Astronomy Problem

Star D has a spectral calss of M2, and star E has a spectral class of B8. How many more times energy per unit surface area does one have over the other?

Originally posted by abejnood
Star D has a spectral calss of M2, and star E has a spectral class of B8. How many more times energy per unit surface area does one have over the other?

Well if the spectral class of m2 is PIx3 then that would make it 4x greater than the spectral class of
b8. So by multiplying the amount of energy per unit would be equal to the amount of the spectral class b8, but still less than the energy given off by, say, M2. The heat factor also comes into consideration which can lower the level of Star D SPECTRAL CLASS M2.

B8 has about 39 times more. This question was in this year's National Science Olympiad.

Originally posted by Balla88
B8 has about 39 times more. This question was in this year's National Science Olympiad.

No, it was in last years at University of Illinois at Urbana Champain. I don't care about the answer, i already knew it, I just want to know HOW they get 39? I can't figure it out. I got the other problems, just not that one.

That is where they held the National Science Olympiad.

EDIT: I didn't mean to say 2006.

Originally posted by abejnood
No, it was in last years at University of Illinois at Urbana Champain. I don't care about the answer, i already knew it, I just want to know HOW they get 39? I can't figure it out....

They probably just ask a brainy physicist like Mr. Trains for the answer. Barring that, they might calculate it based on some assumptions about the surface temperature, similar to....

http://en.wikipedia.org/wiki/Stefan-Boltzmann_law

Originally posted by leisurelysloth
They probably just ask a brainy physicist like Mr. Trains for the answer. Barring that, they might calculate it based on some assumptions about the surface temperature, similar to....

http://en.wikipedia.org/wiki/Stefan-Boltzmann_law

😏 Thank you. 😏

Originally posted by Trains44
😏 Thank you. 😏

So how do they come up with 39X? I did a quick look at spectral
types on goo gal but nothing popped up specifically, except the
old O B A F G K M (Oh Be A Fine Girl, Kiss Me) thing I learned in
8th grade.

Originally posted by Trains44
😏 Thank you. 😏

You're welcome.

Originally posted by sonhouse
So how do they come up with 39X? I did a quick look at spectral
types on goo gal but nothing popped up specifically, except the
old O B A F G K M (Oh Be A Fine Girl, Kiss Me) thing I learned in
8th grade.

Yeah, that's what's the problem with me, too.

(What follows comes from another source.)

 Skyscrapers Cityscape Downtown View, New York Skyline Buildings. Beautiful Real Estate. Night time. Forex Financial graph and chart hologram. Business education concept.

I can't figure out how they get 39. Why 39? Why not 42? I don't get it 😞

Originally posted by abejnood
Yeah, that's what's the problem with me, too. I can't figure out how they get 39. Why 39? Why not 42? I don't get it 😞

Not 42, thats the answer to EVERYTHING!🙂
Another thing about the 39 times, it seems a bit low since the two
stars are almost opposite sides of the classes, 25,000 deg.
or so on one side V 4000 ish deg C on the other?

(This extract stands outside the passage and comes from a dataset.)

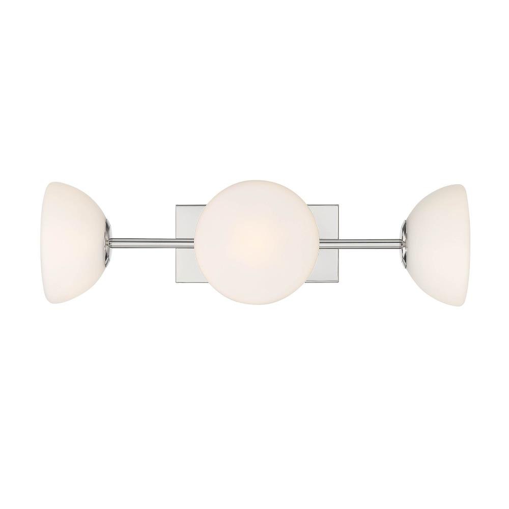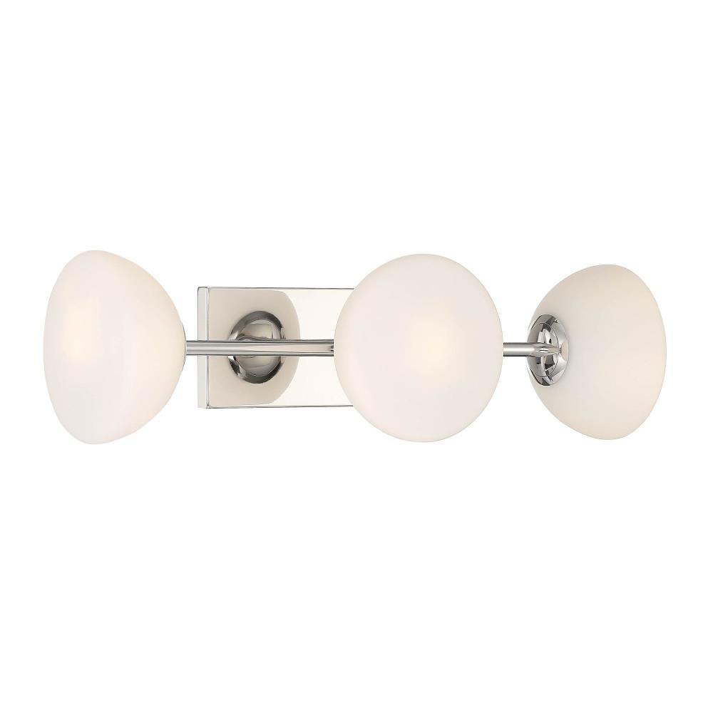 The Retro vibe of the Zio collection is reinforced by the puff-shaped Etched Opal Glass shades and the luxurious Polished Nickel finish. Combine these unique lighting pieces with Modern, Mid-Century Modern, or Glam interior designs for a great conversation piece. Made from durable steel for years of enjoyment and illumination.Shimmering Polished Nickel finish adds a bit of glam to your homeExtends 8.5 inches from the wallCan be mounted with shades facing up or downIncludes 3 G9 Xenon 60W max bulbsEtched opal glass shades for soft, diffuse lightRated for Dry or Damp indoor areasRetro Modern vanity is great for bathrooms, bedrooms, or other rooms where you need a extra light.

Betelgeuse is a B8 star. Rigel is a M2 star.

Betelgeuse has a radius of 1.4 au and a luminosity between 40,000 and 100,000 solars.
Rigel has a radius of 65 au and a luminosity around 50,000 solars.

Therefore Betelgeuse has a surface area of 5.5 × 10^17 km^2 and Rigel has a surface area of 1.2 × 10^21 km^2.

Therefore I get 2.2 * 10^3 as the ratio of energy per unit surface area.

No idea how they got that answer.

Originally posted by XanthosNZ
Betelgeuse is a B8 star. Rigel is a M2 star.

Betelgeuse has a radius of 1.4 au and a luminosity between 40,000 and 100,000 solars.
Rigel has a radius of 65 au and a luminosity around 50,000 solars.

Therefore Betelgeuse has a surface area of 5.5 × 10^17 km^2 and Rigel has a surface area of 1.2 × 10^21 km^2.

Therefore I get 2.2 * 10^3 as the ratio of energy per unit surface area.

No idea how they got that answer.

I looked at the data for Rigel and it shows mass of 17 in units called
M with a square O subscript, could not find the exact meaning but I
suspect it means 17 times of Sol and the size at 60 "R" with the same
subscript. Which I suspect is 60 times the RADIUS if Sol which would
vastly change your numbers. I have heard of big stars, but 65 AU
would make it about 12 BILLION miles across, I think thats patently
impossible. So my guess is its 60 or 65 times 704,000 KM (radius of
sol) or 45 million Km, a more reasonable answer.